• TASK INSTRUCTIONS
When a line in the data below includes "wird", pick it out and copy it.

• EXTRACTED MATERIAL

◇ ◇ ◇

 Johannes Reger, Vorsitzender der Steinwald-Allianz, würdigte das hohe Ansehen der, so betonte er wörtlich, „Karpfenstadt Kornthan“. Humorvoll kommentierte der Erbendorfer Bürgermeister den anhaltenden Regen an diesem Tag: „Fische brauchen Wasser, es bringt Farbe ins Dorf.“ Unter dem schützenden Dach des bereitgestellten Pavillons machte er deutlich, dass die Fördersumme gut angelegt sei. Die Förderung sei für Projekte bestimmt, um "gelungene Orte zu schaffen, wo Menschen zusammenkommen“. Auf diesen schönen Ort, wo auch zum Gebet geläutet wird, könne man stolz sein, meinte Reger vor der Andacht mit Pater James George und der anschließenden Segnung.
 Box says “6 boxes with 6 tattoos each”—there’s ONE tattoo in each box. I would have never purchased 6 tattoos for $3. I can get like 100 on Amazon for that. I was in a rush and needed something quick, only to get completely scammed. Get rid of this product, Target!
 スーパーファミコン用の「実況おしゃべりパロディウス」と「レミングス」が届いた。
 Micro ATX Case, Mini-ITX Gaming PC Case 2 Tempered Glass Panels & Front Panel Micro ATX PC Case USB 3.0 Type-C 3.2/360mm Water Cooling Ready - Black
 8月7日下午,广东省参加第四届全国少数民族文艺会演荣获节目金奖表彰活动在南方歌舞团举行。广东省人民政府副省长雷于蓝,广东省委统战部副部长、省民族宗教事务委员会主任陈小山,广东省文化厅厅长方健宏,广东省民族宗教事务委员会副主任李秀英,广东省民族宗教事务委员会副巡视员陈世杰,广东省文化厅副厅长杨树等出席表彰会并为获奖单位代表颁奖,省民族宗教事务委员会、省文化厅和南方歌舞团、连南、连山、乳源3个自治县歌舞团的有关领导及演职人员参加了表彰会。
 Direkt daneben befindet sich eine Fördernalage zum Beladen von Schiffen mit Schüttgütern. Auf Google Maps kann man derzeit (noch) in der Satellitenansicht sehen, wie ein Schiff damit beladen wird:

◇ ◇ ◇

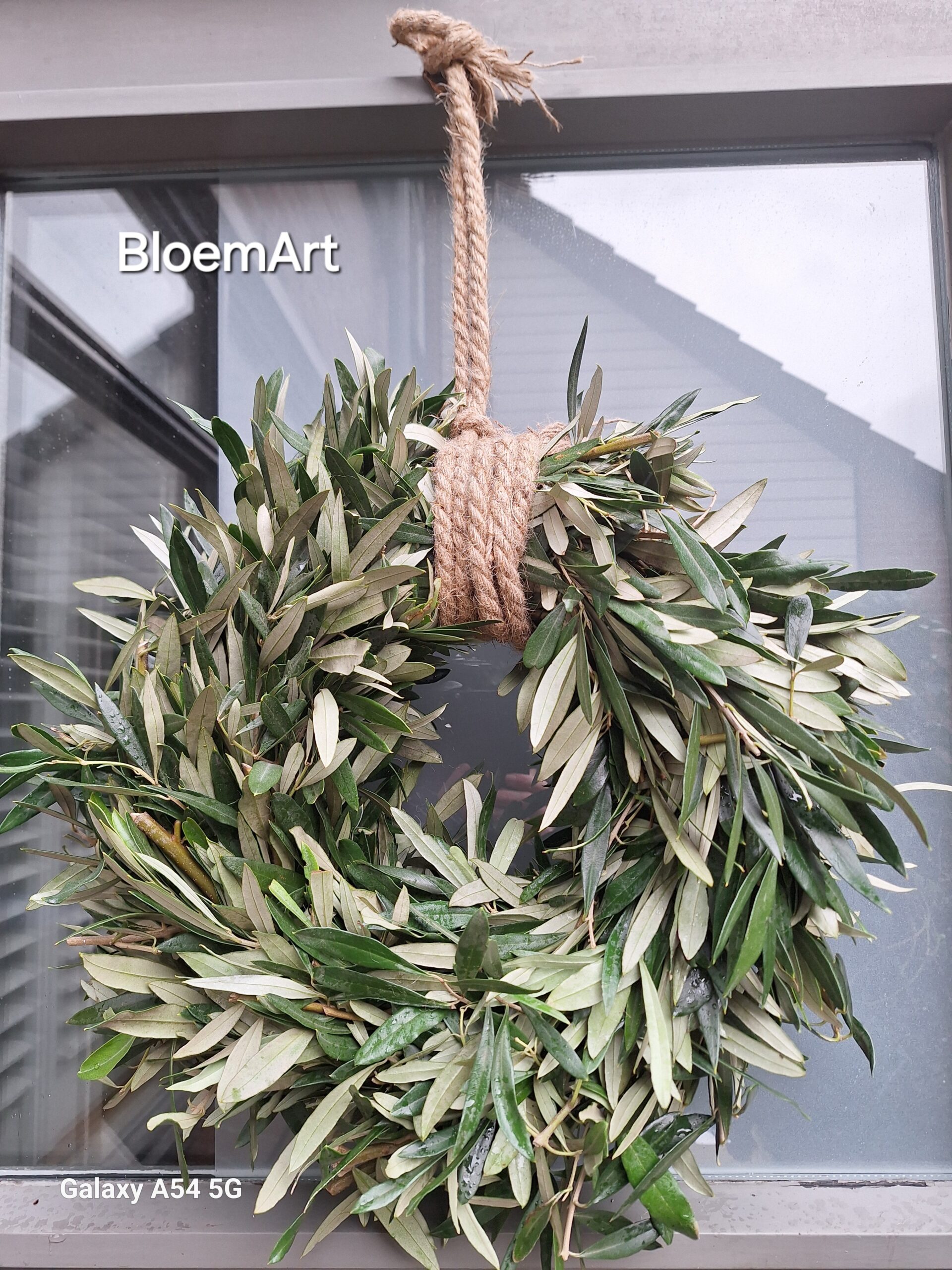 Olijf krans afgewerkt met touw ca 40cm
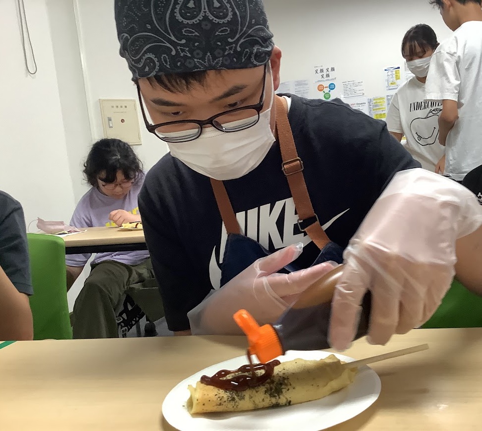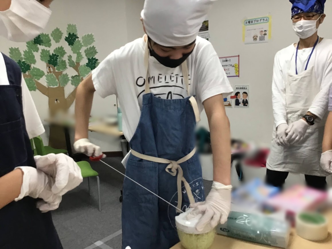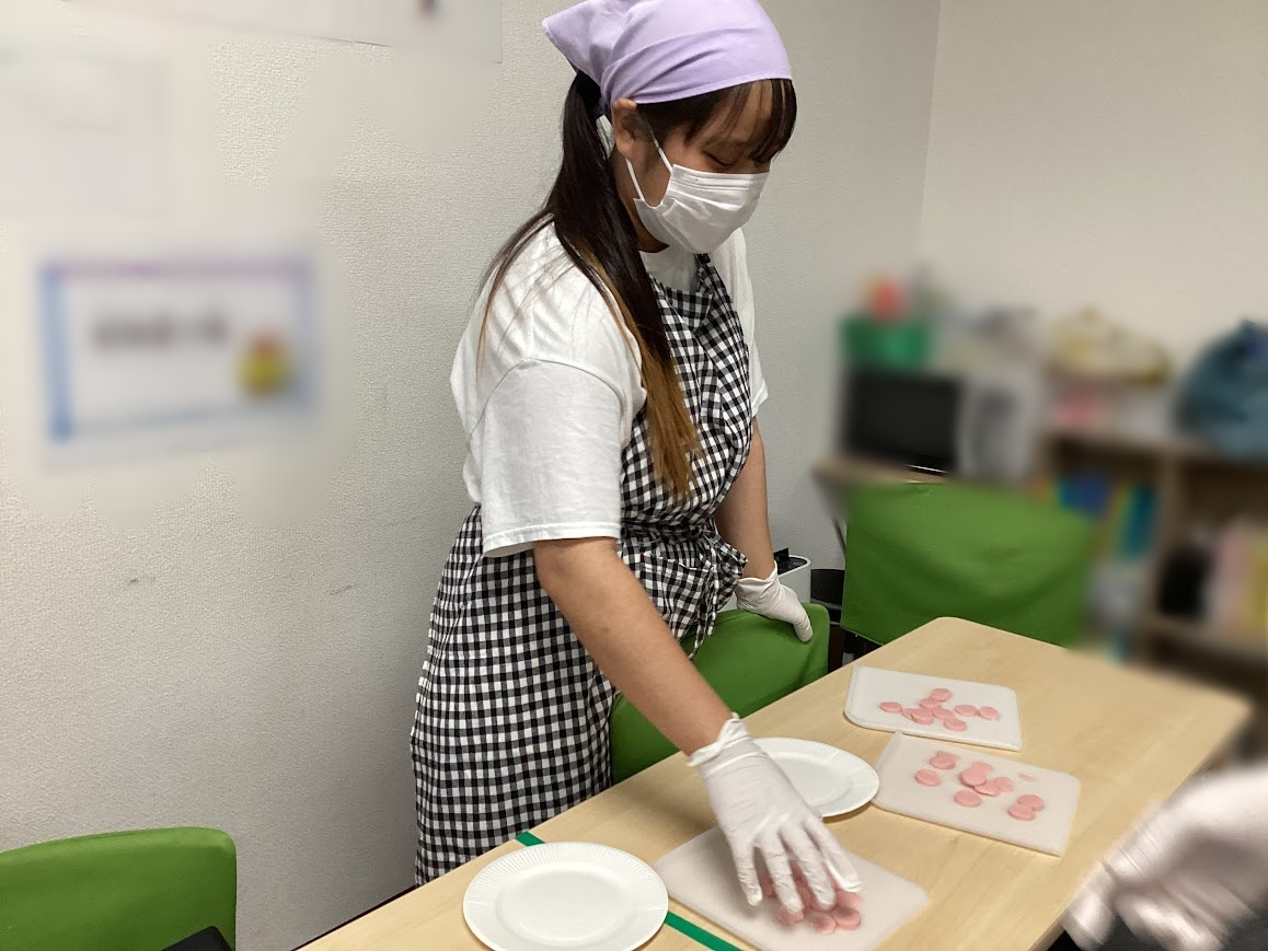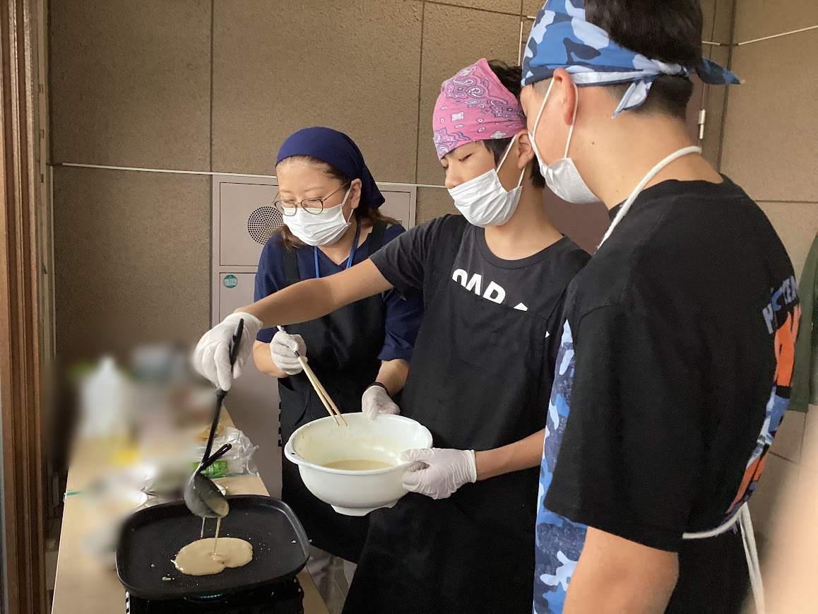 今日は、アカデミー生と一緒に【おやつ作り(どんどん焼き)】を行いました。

◇ ◇ ◇

• ANSWER BOX
 Johannes Reger, Vorsitzender der Steinwald-Allianz, würdigte das hohe Ansehen der, so betonte er wörtlich, „Karpfenstadt Kornthan“. Humorvoll kommentierte der Erbendorfer Bürgermeister den anhaltenden Regen an diesem Tag: „Fische brauchen Wasser, es bringt Farbe ins Dorf.“ Unter dem schützenden Dach des bereitgestellten Pavillons machte er deutlich, dass die Fördersumme gut angelegt sei. Die Förderung sei für Projekte bestimmt, um "gelungene Orte zu schaffen, wo Menschen zusammenkommen“. Auf diesen schönen Ort, wo auch zum Gebet geläutet wird, könne man stolz sein, meinte Reger vor der Andacht mit Pater James George und der anschließenden Segnung.
 Direkt daneben befindet sich eine Fördernalage zum Beladen von Schiffen mit Schüttgütern. Auf Google Maps kann man derzeit (noch) in der Satellitenansicht sehen, wie ein Schiff damit beladen wird:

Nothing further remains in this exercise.